761.2025.Quand les blés sont sous la grêle.

 
Cette année-là, la roulette de l’éducation nationale nous affecta un nouveau prof de lettres. Pochon, il s’appelait. Plus jeune agrégé de France, disait-on. La vingtaine à peine passée. Un physique maigrichon, une voix fluette, il semblait l’un des nôtres.
Par chance, nous avions bénéficié d’une expérience pédagogique : les classes nouvelles. Sélection des meilleurs élèves, sélection des professeurs volontaires, le comble de l’horreur dirait-on aujourd’hui. Expérience réussie et donc rapidement abandonnée. Nous adoptâmes Monsieur Pochon.
Il choisit de nous faire travailler « La Rose et le Réséda » un poème de Louis Aragon. Ce choix n’avait rien de banal, Monsieur Pochon penchait sans doute à gauche. Mais nous étions des gamins, peu soucieux des questions politiques et nous ne vîmes dans cette poésie que l’appel à l'unité du pays, par-delà les clivages politiques et religieux de la rose communiste et du réséda catholique.
Il y a quelques années, j’aurais râlé de m’être fait avoir par cette tactique grossière. J’aurais rejeté Aragon, un écrivain communiste enragé, un fervent admirateur du stalinisme dont bien des ouvrages montrent le sectarisme.
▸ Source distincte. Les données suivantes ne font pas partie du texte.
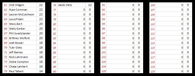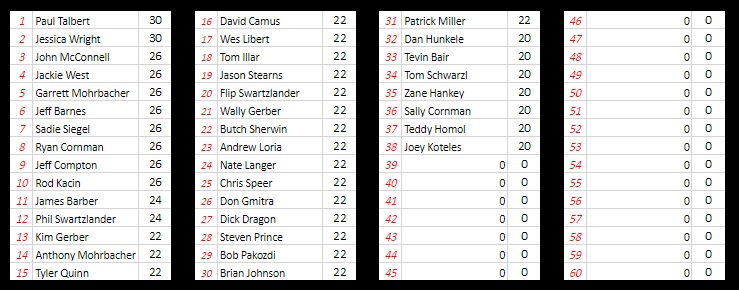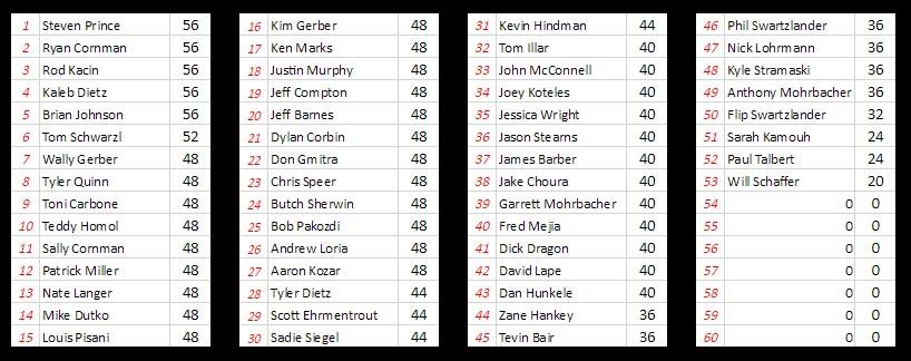 Week 15 Winner: Steve Prince, Ryan Cornman, Rod Kacin, Kaleb Dietz, and Brian Johnson all tie with 56 points each!

Avec l’âge, je préfère n’en garder que le message simple de l’unité du pays et d’en méditer la brûlante actualité.
« Celui qui croyait au ciel - Celui qui n'y croyait pas ...
Qu'importe comment s'appelle - Cette clarté sur leur pas
Que l'un fut de la chapelle 
- Et l'autre s'y dérobât...
Quand les blés sont sous la grêle - Fou qui fait le délicat
Fou qui songe à ses querelles - Au cœur du commun combat »
Aquarelle pompée sur Van Gogh, les blés sous la tempête.